En estos juicios se ha seguido el principio de que todos los culpables deben pagar. Aunque en estos casos tenga un amargo regusto a venganza, es un principio aceptable. Pero no puede ser el único. Para que los horribles sucesos no sucedan nunca más no basta con castigar a los culpables; también hay que crear las condiciones para que los crímenes abominables no se repitan. Esto sólo es posible cuando hay una sólida convicción ciudadana sobre la imparcialidad de la Justicia y el gobierno de la ley. Una condena sólo es legítima cuando hay pruebas fehacientes, más allá de toda duda razonable. La eventual impunidad de algunos, cuya culpa no pudo ser probada, es un precio a pagar para sostener los principios de la justicia.

Hacia allí apuntaron los juicios de 1985, que acompañaron la construcción de una democracia institucional. ¿Cuánto queda hoy de aquel proyecto de 1983? Si tomamos en cuenta los indicios de estos juicios, no queda mucho. Por el contrario, en ellos se encuentran rasgos bien conocidos en nuestra cultura política que el actual gobierno expresa en forma extrema: poco aprecio por la ley, inclinación al decisionismo y espíritu faccioso. La política por sobre todo, como dijo el doctor Álvarez. Si no nos ocupamos de esclarecer este aspecto de la Justicia, seguiremos cosechando demócratas descreídos, como mi antiguo alumno.

FUENTE: http://www.lanacion.com.ar/1667004-cuando-la-politica-desvirtua-a-la-justicia

NOTA: Las imágenes y negritas no corresponden a la nota original.







[1] Es historiador.

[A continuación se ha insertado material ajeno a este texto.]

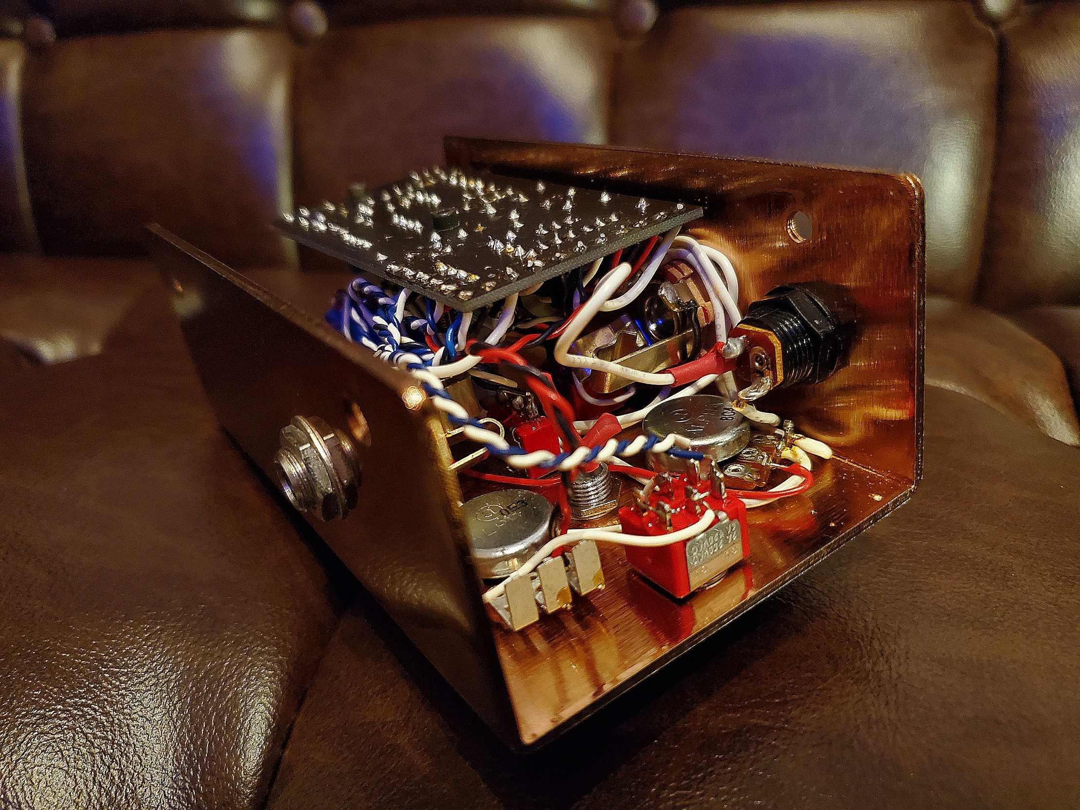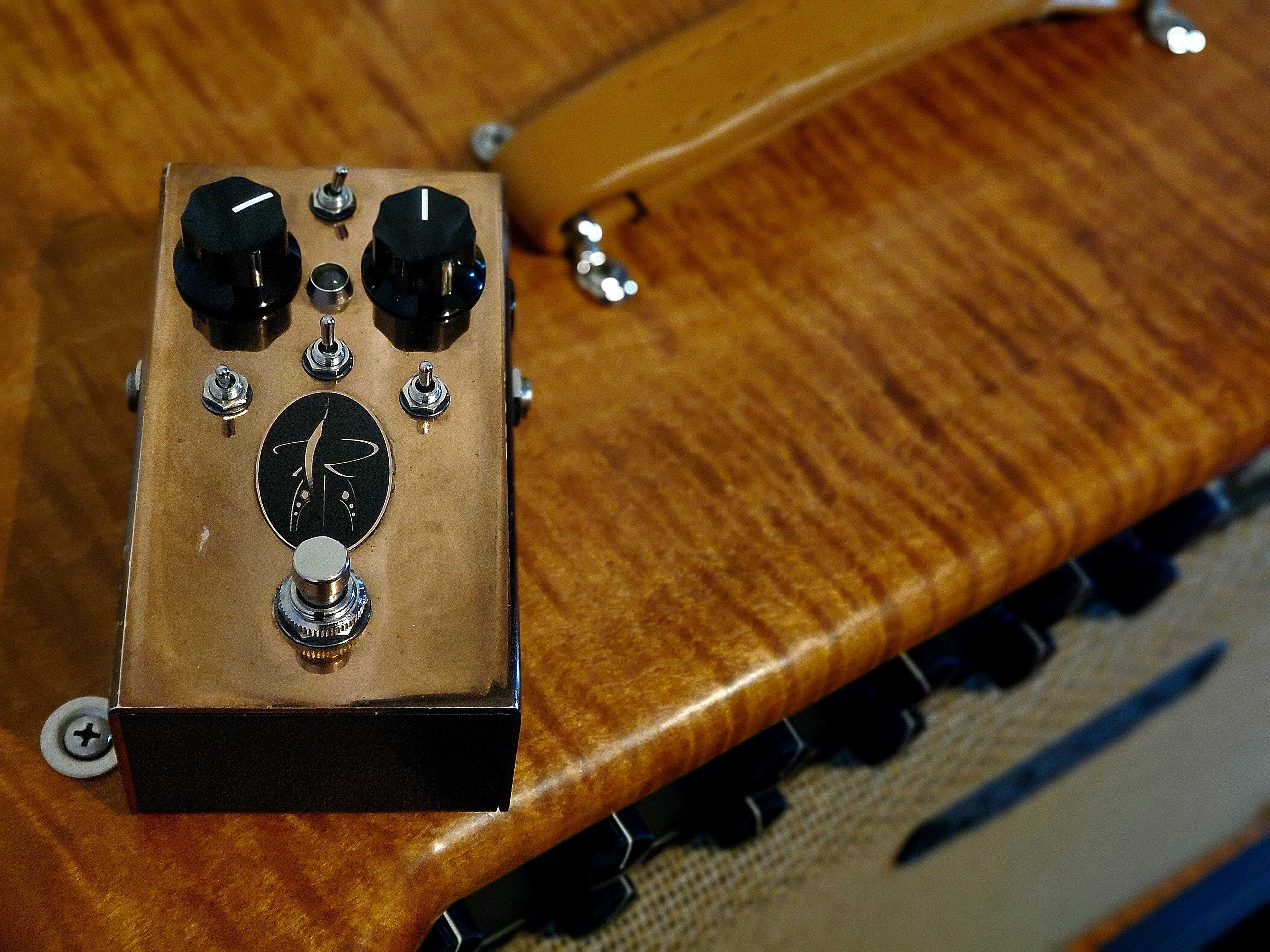 そして今回、ご紹介致しますのはそんな  J Rockett Audio Designs  のカスタムショップ(つまりは最上位)の『 Rockett Boost 』なるものをGETしてみました。 まず単純にブロンズに輝く格好良さ・・・2ノブというシンプルな造形に対して複数配備された謎のトグルスイッチ達が『 一筋縄ではいかない。コイツが只者ではない。 』という内に秘めたポテンシャルを主張している様にも見て取れます。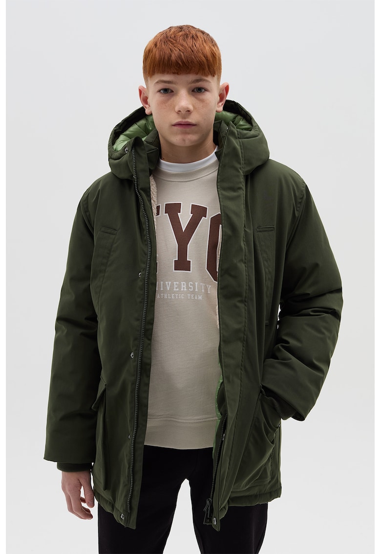 Caracteristici Tip produs: geaca Culoare: verde inchis Imprimeu: uni Croiala: regular fit Material: poliester Buzunare: 2 cu clapa Lungime maneca: maneca lunga Sistem inchidere: fermoar

Ha sido profesor de la Universidad de Buenos Aires e investigador del CONICET. Enseña en la Universidad Di Tella y en FLACSO, e integra el Consejo de la Universidad de San Andrés. Recibió el Premio Konex de Historia y la Beca Guggenheim. Ha investigado sobre la sociedad, la cultura y la política de la Argentina en el siglo XX. Es autor de Breve historia contemporánea de la Argentina. 1916-2010, que ha sido traducida al inglés y al portugués. Dirige la colección Historia y Cultura de Siglo XXI Editores y colabora habitualmente en los principales diarios del país. Es miembro del Club Político Argentino.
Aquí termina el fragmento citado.